How does it compare to DH1?

By 3AcresAndATau, in Dark Heresy General Discussion

i dread having to explain that to players. Having to cross reference 2 from any of 9 different traits each time they want to spend xp including during character creation (thus making the task twice as long depending on how many players are rolling up characters simultaneously). This is the sort of thing that puts people off. Sure if you're a hardocre 40k fan you might give the system more of a free pass, but if you're new to this...

I played it with my group. All roleplayers, some more experienced than others, some played DH1E, some not. I explained the rules to them and there were exactly 0 problems with understanding the system. One of the ones who hadn't played DH before wanted to play a psyker and that too was no problem at all and he was fine with the system.

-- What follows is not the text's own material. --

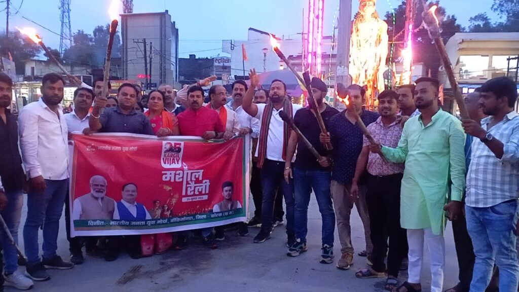 कोरबा (BCC NEWS 24): भारतीय जनता युवा मोर्चा राष्ट्रीय एवं प्रदेश नेतृत्व के आह्वान पर जिला युवा मोर्चा एवं मंडल युवा मोर्चा के संयुक्त तत्वाधान में आज बंकी मोंगरा मंडल में मंडल अध्यक्ष उदय शर्मा के नेतृत्व में कारगिल विजय मसाल रैली का आयोजन किया गया जिसमें कार्यकर्ताओं ने बढ़ चढ़कर हिस्सा लिया और साथ ही देश के अमर शहीद जवानों ने जिस जज्बे के साथ इस युद्ध में भारत को विजय दिलाने का काम किया और कारगिल युद्ध जीतकर हमारे देश को सशक्त बनाने में योगदान दिया उसको याद करते हुए भारतीय जनता युवा मोर्चा जिला एवम मंडल के द्वारा कार्यक्रम के आवाहन किया गया था जिसके परिपालन करते हुए आज जिला भारतीय जनता युवा मोर्चा कोरबा के द्वारा किया गया। यह कार्यक्रम बांकी मोंगरा में आयोजन किया गया इस कार्यक्रम में युवा मोर्चा के पदाधिकारी एवं कार्यकर्ताओं के द्वारा सोमवारी बाजार शिव मंदिर से अमर ज्योति दीप प्रज्वलित कर एवं मसाल के साथ मेन रोड से होते हुए बजरंग चौक तक लाया गया तत्पश्चात बांकी मोंगरा के अमर शहीदों के याद में बजरंग चौक में अमर ज्योति दीप का स्थापना किया गया जो आज दिन गुरुवार से लेकर निरंतर 24 घंटे तक कल शुक्रवार तक प्रज्वलित रहेगा और इसके संपूर्ण देखरेख की जिम्मेदारी भी युवा मोर्चा के कार्यकर्ता द्वारा किया जा रहा है यहां आपको बता दे की युवा मोर्चा द्वारा बांकी मोंगरा के स्वतंत्रता संग्राम सेनानी के परिवारजनों को सम्मानित करते हुए उनके बलिदान को याद किया गया और साथ ही देश के लिए अपनी जान न्यौछावर करने वाले जवानों को श्रद्धांजलि अर्पित करते हुए उनके बलिदानों को पुनः देश के समक्ष रखते हुए आज के युवा पीढ़ी के सामने उनके इस शहादत को रखा गया इस।

We build our chars and played a short introductury adventure. Everything went fine, no problems with rules at all and everyone had a blast.

Spending xp was also not a problem, because we had 2 books and there is a supplement online which gives you the table.

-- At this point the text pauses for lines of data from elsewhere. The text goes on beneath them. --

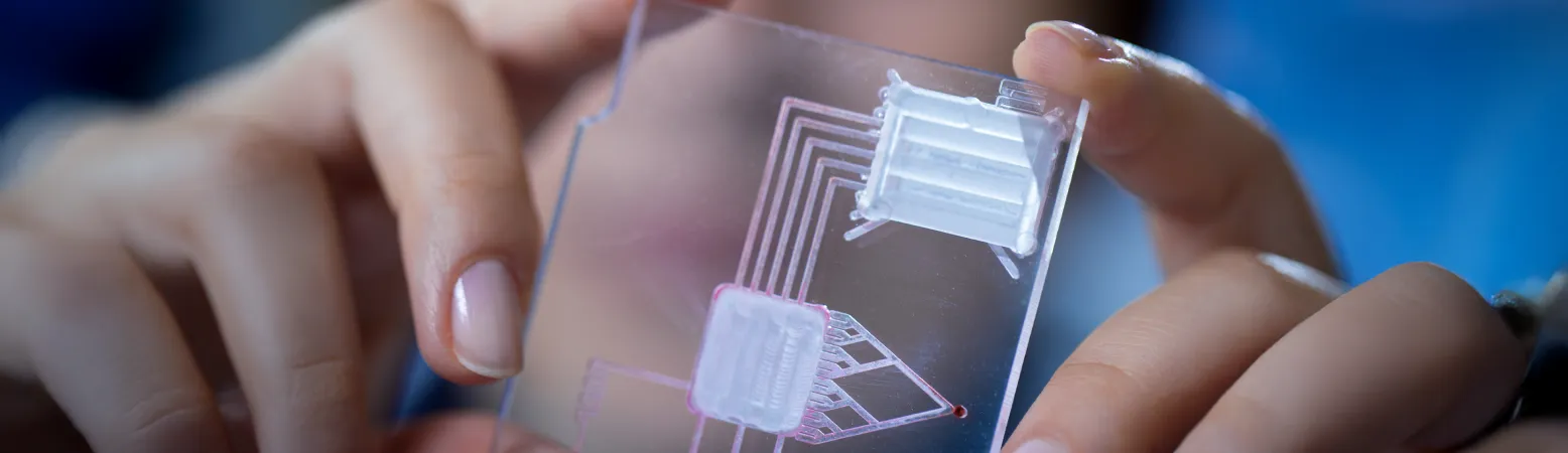 Zur Verbesserung des Tierschutzes und der Patientensicherheit entwickeln Forscher neue Testsysteme. Eine davon: sogenannte Organ-on-a-Chip-Modelle. Dabei handelt es sich um kleine, biofunktionale Chips mit lebenden Zellen eines Organs – hier: Leberzellen.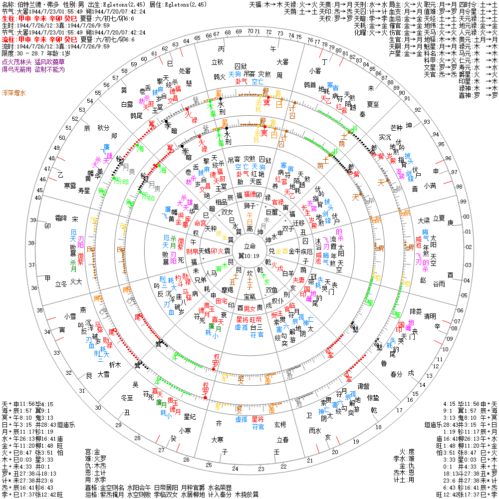 出生阳历:1944/7/26/12:3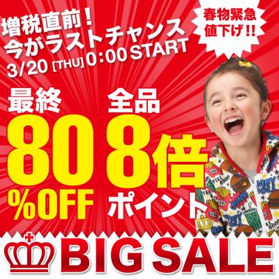 ベビー・キッズ服ブランドBABYDOLL(ベビードール)が、通販サイト各店にて[増税前のラストチャンス!全力応援イベント]を3/20(木)深夜0時より開催!最終80%OFF、全品8倍ポイントなど盛り沢山

From playtesting I can say that the system works fine as is.

Edited by madMAEXX

Well, I can say it was positively received at my table as well. Mirth is "positive", right?

i dread having to explain that to players. Having to cross reference 2 from any of 9 different traits each time they want to spend xp including during character creation (thus making the task twice as long depending on how many players are rolling up characters simultaneously). This is the sort of thing that puts people off. Sure if you're a hardocre 40k fan you might give the system more of a free pass, but if you're new to this...

I played it with my group. All roleplayers, some more experienced than others, some played DH1E, some not. I explained the rules to them and there were exactly 0 problems with understanding the system. One of the ones who hadn't played DH before wanted to play a psyker and that too was no problem at all and he was fine with the system. We build our chars and played a short introductury adventure. Everything went fine, no problems with rules at all and everyone had a blast.

Spending xp was also not a problem, because we had 2 books and there is a supplement online which gives you the table.

From playtesting I can say that the system works fine as is.

And you can condense it all on to one to two pages, where you'll find it's all on the percentile scale, and all in increments of five and ten. You do not need to do any higher math than I would expect from a first grader, namely addition and subtraction. It looks complex, because it's all over the book, but I could play this with an eight year old.

Shame FFG couldn't; that way we'd have more space in the book for stuff like antagonists or vehicles and even voidships.

And you can condense it all on to one to two pages, where you'll find it's all on the percentile scale, and all in increments of five and ten. You do not need to do any higher math than I would expect from a first grader, namely addition and subtraction. It looks complex, because it's all over the book, but I could play this with an eight year old.

Shame FFG couldn't; that way we'd have more space in the book for stuff like antagonists or vehicles and even voidships.

Ah ha! I think I see the problem! You want the "Unabridged 40k" game. All the crunch is fitted into 20 pages and you can do literally anything in any part of the 40k universe with said crunch. I actually can see the desire for such but that's not the business model in the gaming industry. Ya see, unfortunately, rulebooks and rules supplement sell better than adventures or modules (As they were once called). As such, Publishers, who want to make money (Shocking right? :huh: ), print multiple rulebooks with some fluff stuff in there to increase the interest. That's just the way it is! FFG is hardly unique in this regard!